(Records from a dataset)
________

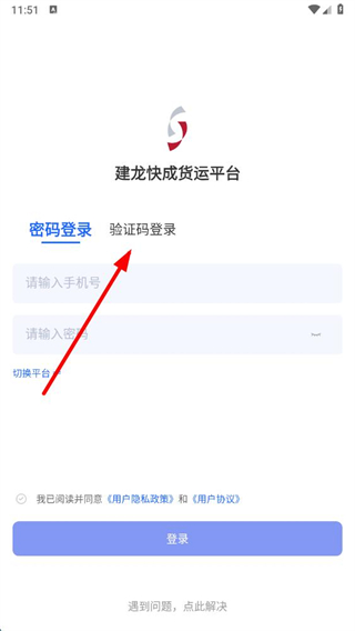 3、若选择验证码登录,点击验证码登录选项切换登录方式。
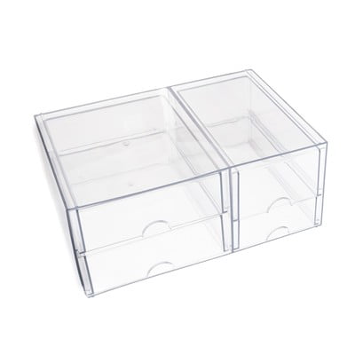 Organizator je razdeljen na dva dela, ki sta drug ob drugem. V vsakem delu sta dva izvlečna predala s priročnim polkrožnim izrezom za lažje odpiranje.
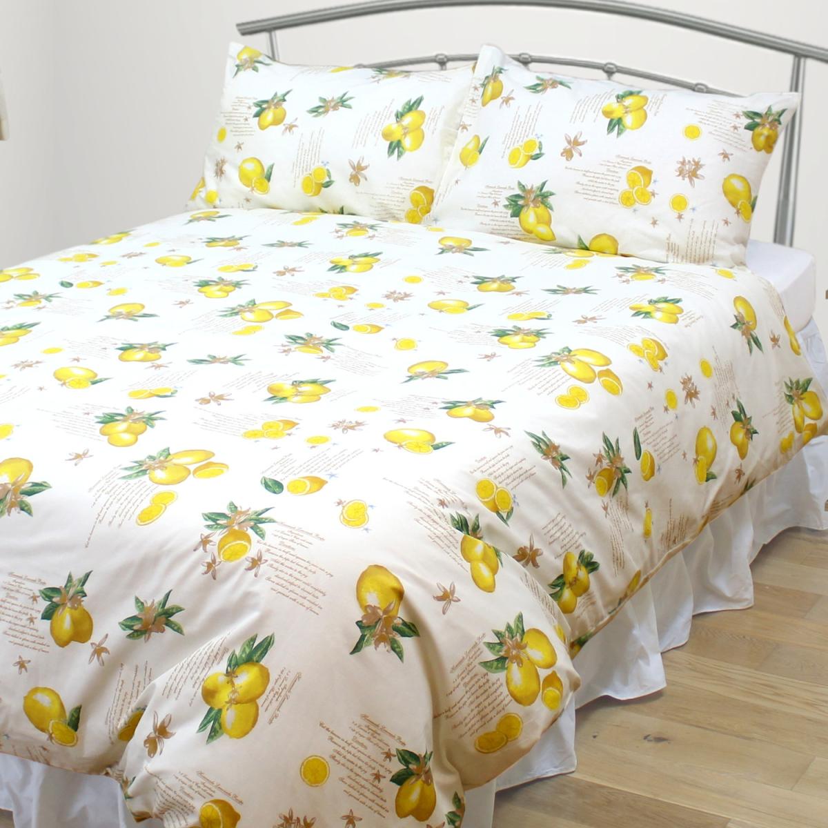 This beautifully printed duvet cover features lemons and script text for lemonade, with flowers in shades of yellow and green, on an off-white ground. Gives a rustic country cottage feel. Matching items such as curtains, tablecloths and seat pads are available separately.
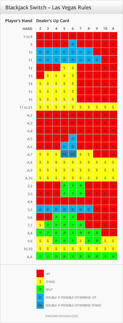 توضح الجداول التالية الاستراتيجية الأساسية وفقًا لقواعد لعبة لاس فيغاس ذات الثمانية أوراق بعد اتخاذ قرار التبديل. ويعود سبب اختلافها عن استراتيجية البلاك جاك التقليدية إلى قاعدة "الدفع عند ٢٢".
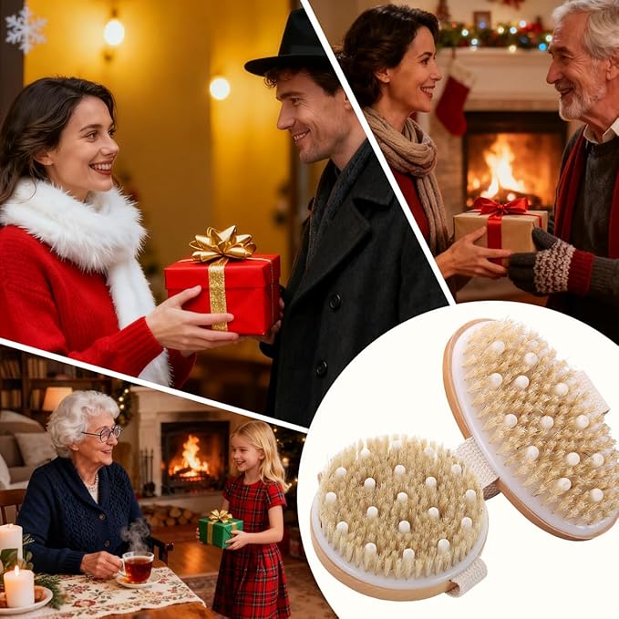 - [Vegan Dry Brush]: Good for sensitive skin! The bristles are 100% vegan and cruelty free. It's perfect, not too rough or soft. It's a medium abrasiveness. The curve in the handle makes it easier to reach your back. Anti-slip design is help you to grab the handle in the bathroom, when your hands are wet. Plush our bonus hanger sticker, you can use the loop at the end to hang around for easy drying.
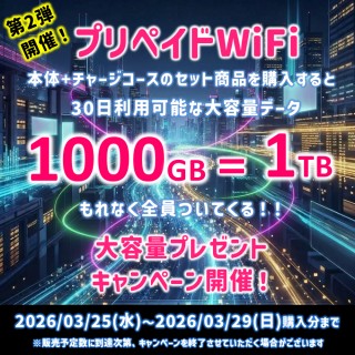 『プリペイドWiFi専用端末』+『プリペイドWiFiチャージコース』のセット商品をご購入いただくと、もれなく「1000GB/30day」をセットでプレゼント。
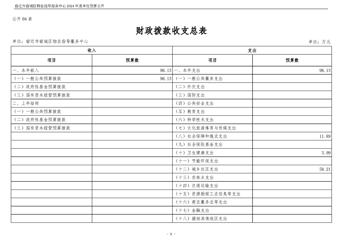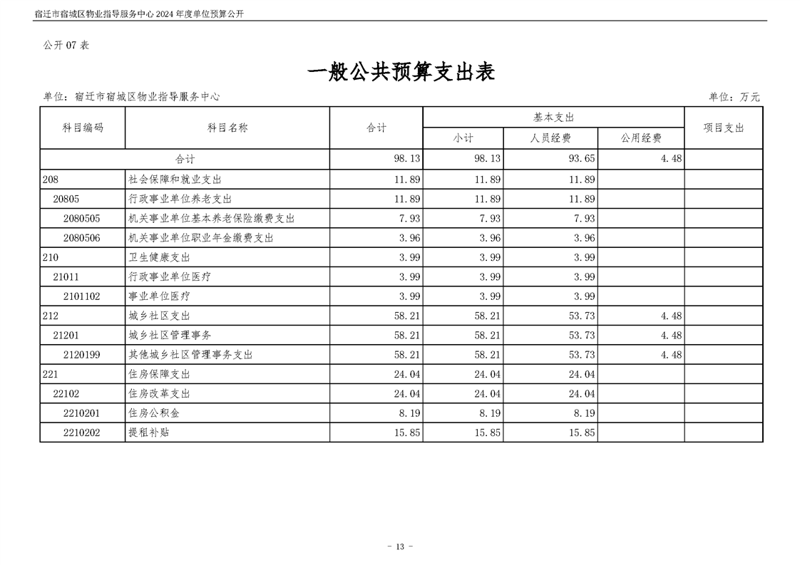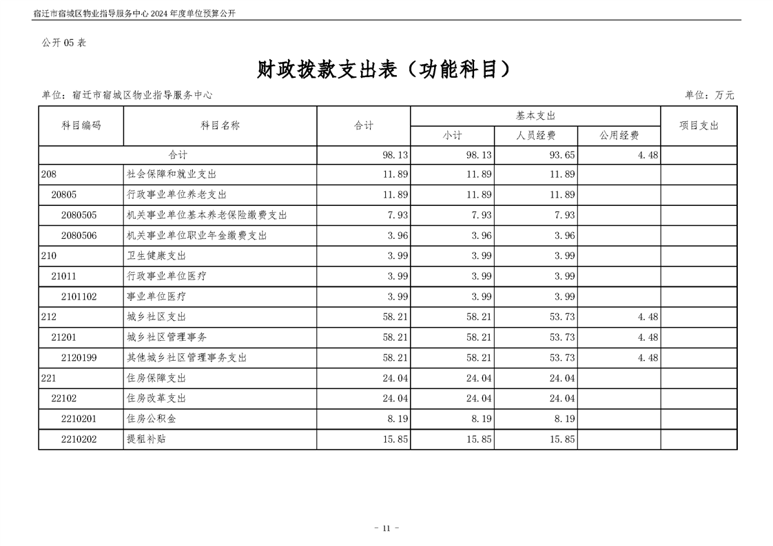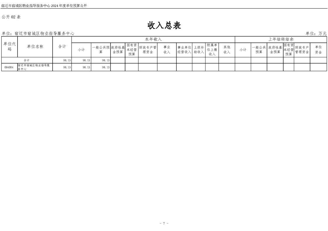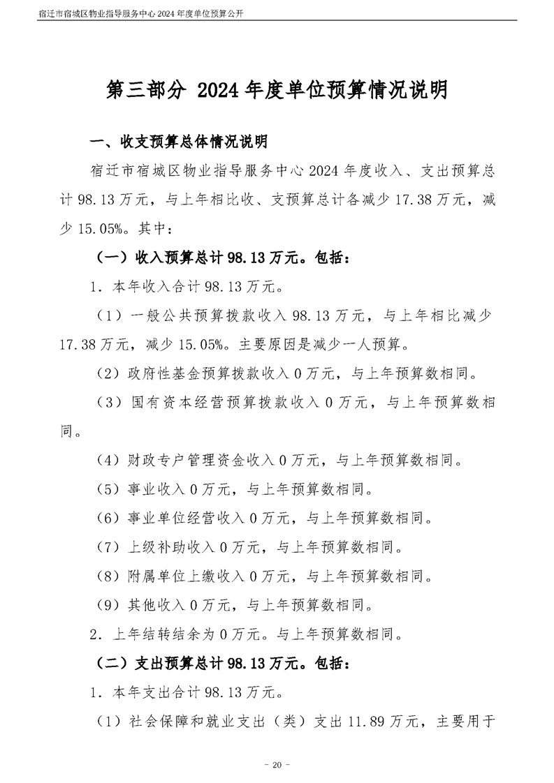 宿迁市宿城区物业指导服务中心2024年度单位预算公开
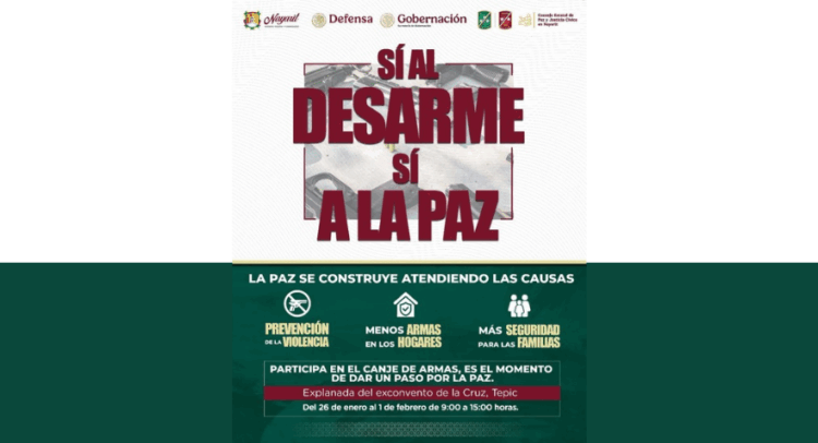 El Gobierno del Estado de Nayarit invita a participar en la campaña ¡Sí al Desarme, Sí a la Paz!, que se realizará del 26 de enero al 1 de febrero en la Explanada del Exconvento de la Cruz, en Tepic.
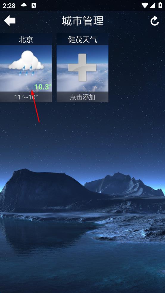 3、在城市管理頁面,點(diǎn)擊所選城市的天氣卡片,進(jìn)入該城市天氣詳情頁面。
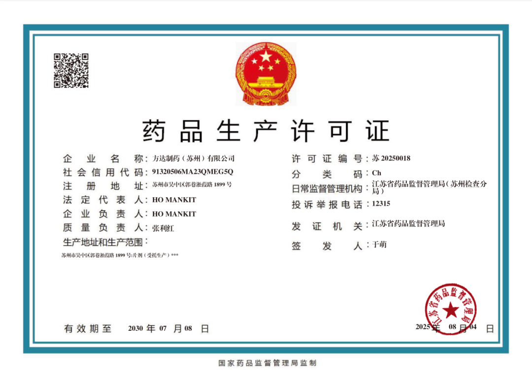 方達醫(yī)藥獲得藥品生產(chǎn)許可證與CNAS認證
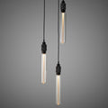 Lustre élégant composé de trois pendentifs. Ce lustre polyvalent vous permet d'ajuster la longueur de chaque pendule pour créer une forme sculpturale unique et personnalisée. Disponibles en acier, laiton ou bronze fumé, les pendules sont fabriqués en acier massif et présentent notre motif caractéristique de coupe en diamant avec des stries croisées.
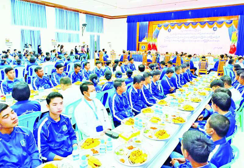(၂၀၂၃) ခုနှစ် တရုတ်နှစ်သစ်ကူးပွဲတော်အထိမ်းအမှတ် ချစ်ကြည်ရေး ဘတ်စကက်ဘောပြိုင်ပွဲ ပိတ်ပွဲနှင့် တရုတ်နှစ်သစ်ကူးပွဲတော်အခမ်းအနားကို ယနေ့ညနေပိုင်းတွင် ရန်ကုန်မြို့ရှိ အမျိုးသားအားကစားပြိုင်ပွဲရုံ (၁) သုဝဏ္ဏ၌ ကျင်းပပြုလုပ်ရာ နိုင်ငံတော်စီမံအုပ်ချုပ်ရေးကောင်စီဥက္ကဋ္ဌ နိုင်ငံတော်ဝန်ကြီးချုပ် ဗိုလ်ချုပ်မှူးကြီး မင်းအောင်လှိုင်နှင့် ဇနီးဒေါ်ကြူကြူလှတို့ တက်ရောက်ချီးမြှင့်သည်။
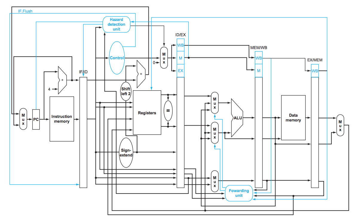 实际上,如果需要阻塞流水线的话,仅需要将ID/EX流水线寄存器中的RegWrite和MemWrite信号置为0就可以。
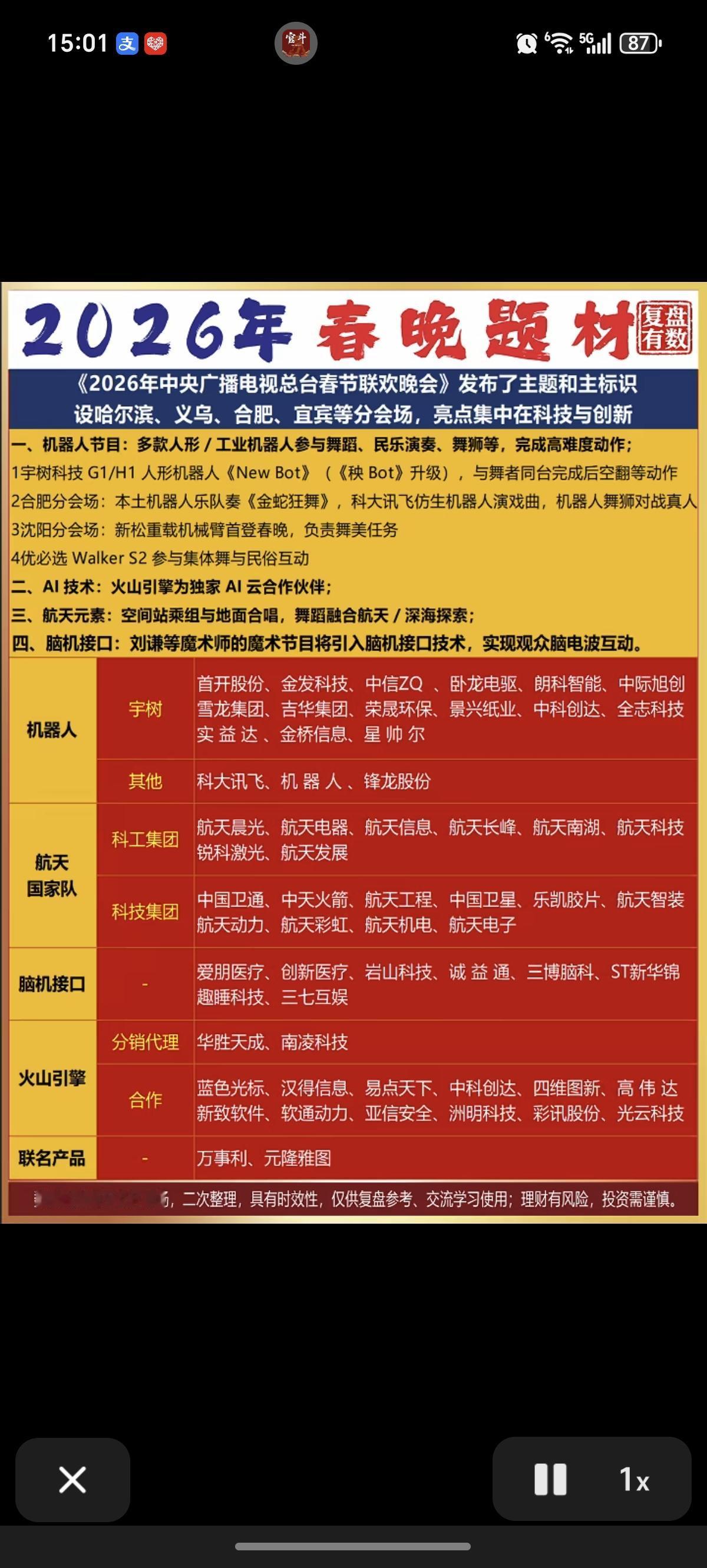 2026年春晚:关联题材! 1.机器人 2.智能AI技术 3.航天元素 4.脑机接口
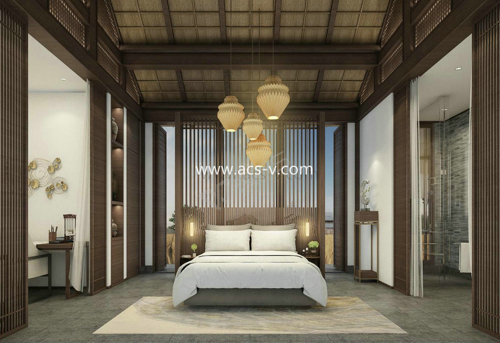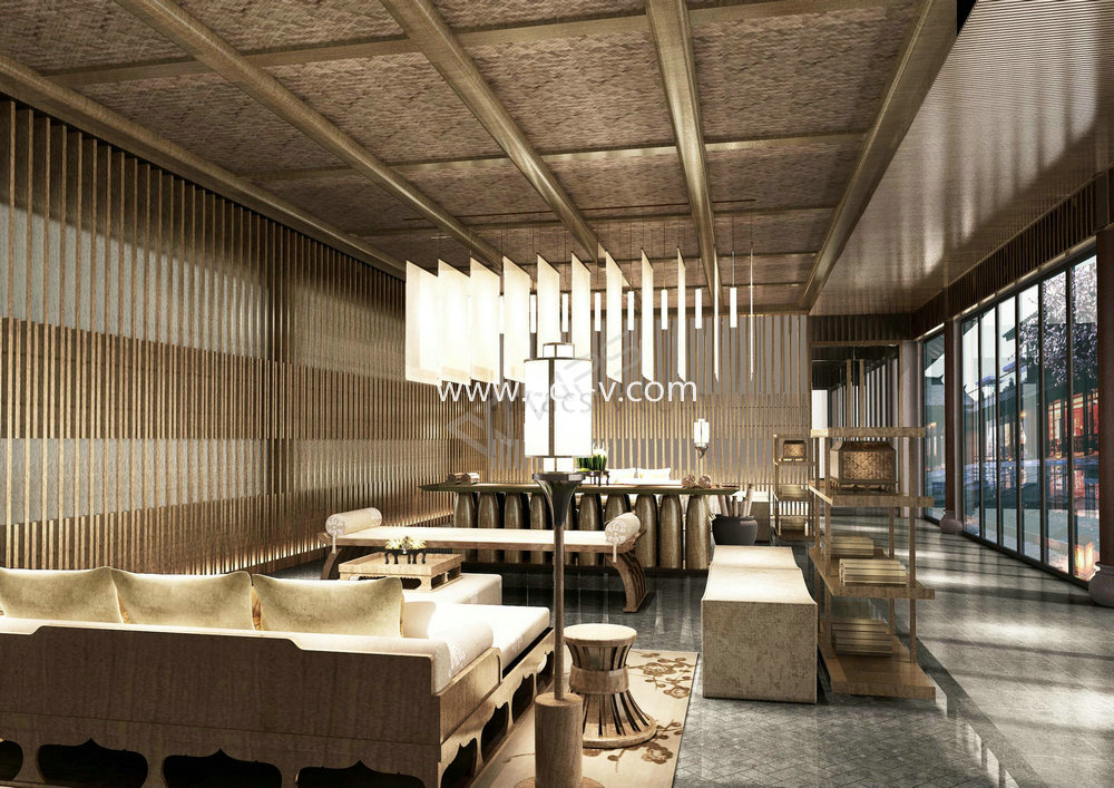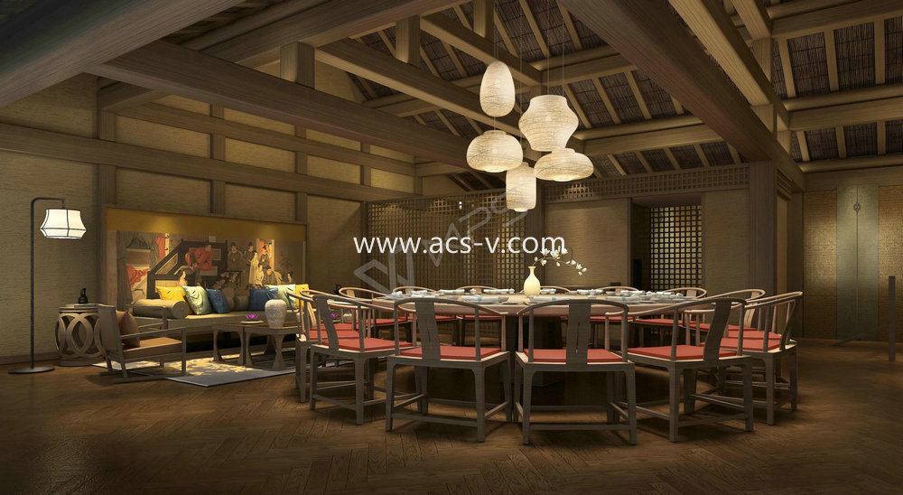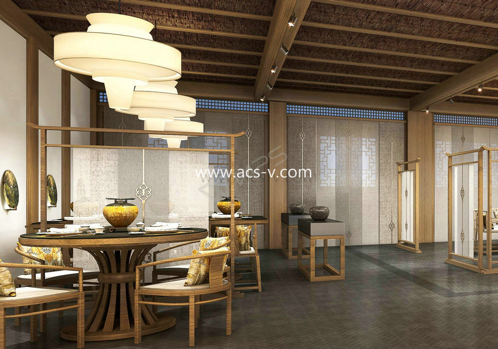 設計主要材料:黑砂石,中式雕花定制,榆木,杉木,天然大理石,拉絲不銹鋼,定制中式燈

________

[Required action]:
Word for word, copy the lines from the one with "Lustre élégant composé" through the end of the entries above, and do not include any picture.

[Written answer]:
 Lustre élégant composé de trois pendentifs. Ce lustre polyvalent vous permet d'ajuster la longueur de chaque pendule pour créer une forme sculpturale unique et personnalisée. Disponibles en acier, laiton ou bronze fumé, les pendules sont fabriqués en acier massif et présentent notre motif caractéristique de coupe en diamant avec des stries croisées.
(၂၀၂၃) ခုနှစ် တရုတ်နှစ်သစ်ကူးပွဲတော်အထိမ်းအမှတ် ချစ်ကြည်ရေး ဘတ်စကက်ဘောပြိုင်ပွဲ ပိတ်ပွဲနှင့် တရုတ်နှစ်သစ်ကူးပွဲတော်အခမ်းအနားကို ယနေ့ညနေပိုင်းတွင် ရန်ကုန်မြို့ရှိ အမျိုးသားအားကစားပြိုင်ပွဲရုံ (၁) သုဝဏ္ဏ၌ ကျင်းပပြုလုပ်ရာ နိုင်ငံတော်စီမံအုပ်ချုပ်ရေးကောင်စီဥက္ကဋ္ဌ နိုင်ငံတော်ဝန်ကြီးချုပ် ဗိုလ်ချုပ်မှူးကြီး မင်းအောင်လှိုင်နှင့် ဇနီးဒေါ်ကြူကြူလှတို့ တက်ရောက်ချီးမြှင့်သည်။
 实际上,如果需要阻塞流水线的话,仅需要将ID/EX流水线寄存器中的RegWrite和MemWrite信号置为0就可以。
 2026年春晚:关联题材! 1.机器人 2.智能AI技术 3.航天元素 4.脑机接口
 設計主要材料:黑砂石,中式雕花定制,榆木,杉木,天然大理石,拉絲不銹鋼,定制中式燈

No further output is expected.